Two people walked away with minor injuries from an emergency plane landing on a golf course in Sydney’s northern beaches, the Australian Broadcasting Corporation (ABC) reported on Monday, August 18.
The forced landing happened during a training flight just after 2 pm local time on Sunday, with an instructor pilot and student on board.
The Australian Transport Safety Bureau (ATSB), which is asking witnesses with videos of the emergency landing, has confirmed the aircraft was a Piper Cherokee. A video provided by Magda Gawin to all news outlets shows how the plane slams down at the Mona Vale golf course. ABC said an instructor pilot and student, both in their 50s, were on board.

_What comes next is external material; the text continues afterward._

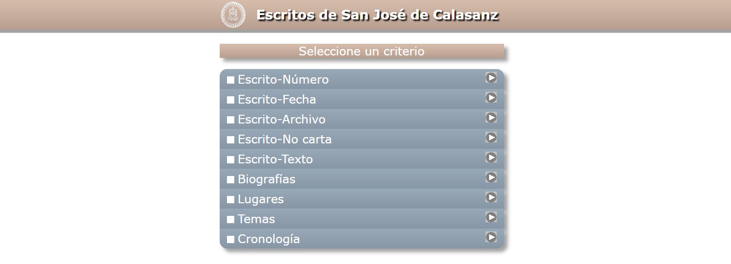 Contamos con un excelente recurso en scripta, el sitio web donde se accede electrónicamente a todos los escritos de Calasanz, con un sistema de búsqueda muy apropiado. Lo encontramos en http://scripta.scolopi.net/calasanz/default.asp?Idioma=Castellano

One of them, whose identity is not clear at present, suffered minor facial injuries, the news outlet added. The ATSB said it is gathering evidence, but it’s unclear whether it will conduct a formal investigation.

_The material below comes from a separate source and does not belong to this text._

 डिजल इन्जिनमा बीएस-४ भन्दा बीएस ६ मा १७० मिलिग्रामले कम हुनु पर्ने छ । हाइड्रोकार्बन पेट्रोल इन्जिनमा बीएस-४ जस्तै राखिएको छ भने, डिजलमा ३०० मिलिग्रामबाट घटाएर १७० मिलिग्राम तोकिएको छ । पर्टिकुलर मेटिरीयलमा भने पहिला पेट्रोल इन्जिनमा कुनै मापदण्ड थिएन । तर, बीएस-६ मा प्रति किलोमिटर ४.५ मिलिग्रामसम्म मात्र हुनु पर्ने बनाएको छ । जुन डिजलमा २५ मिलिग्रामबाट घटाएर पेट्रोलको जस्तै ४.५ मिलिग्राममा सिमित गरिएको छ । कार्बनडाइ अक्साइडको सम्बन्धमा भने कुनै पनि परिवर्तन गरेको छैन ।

‘Just feel out of the sky’
In a TikTok video, a witness said the plane “just fell out of the sky”, while another adds, “It was crazy, we literally just heard this noise, and then all of a sudden it went bang. And next thing you know, these guys are still playing their golf game, pretending like a plane just hasn’t fallen from the sky.”
Keanu Turnewitsch was on the course on the “third out the back” waiting for a friend to take a swing, when he said a “nice big shadow came over the top. I thought, ‘It’s a big bird’ and looked up and there was an aeroplane close enough I could have thrown a club up and hit it,” Mr Turnewitsch told the ABC.

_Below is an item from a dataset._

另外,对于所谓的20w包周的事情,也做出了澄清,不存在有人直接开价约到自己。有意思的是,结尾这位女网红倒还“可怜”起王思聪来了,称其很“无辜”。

“It was dead silence. About 30 seconds later, we had a big crunching sound … then all the ambulances and everything started coming past and sirens for 20, 30 minutes. By the time we got back up around, there was an aeroplane on the golf course,” he added.
Information from Flight Tracker shows the small aircraft took off from Shellharbour near Wollongong this afternoon and made a stop in Camden before continuing its flight north.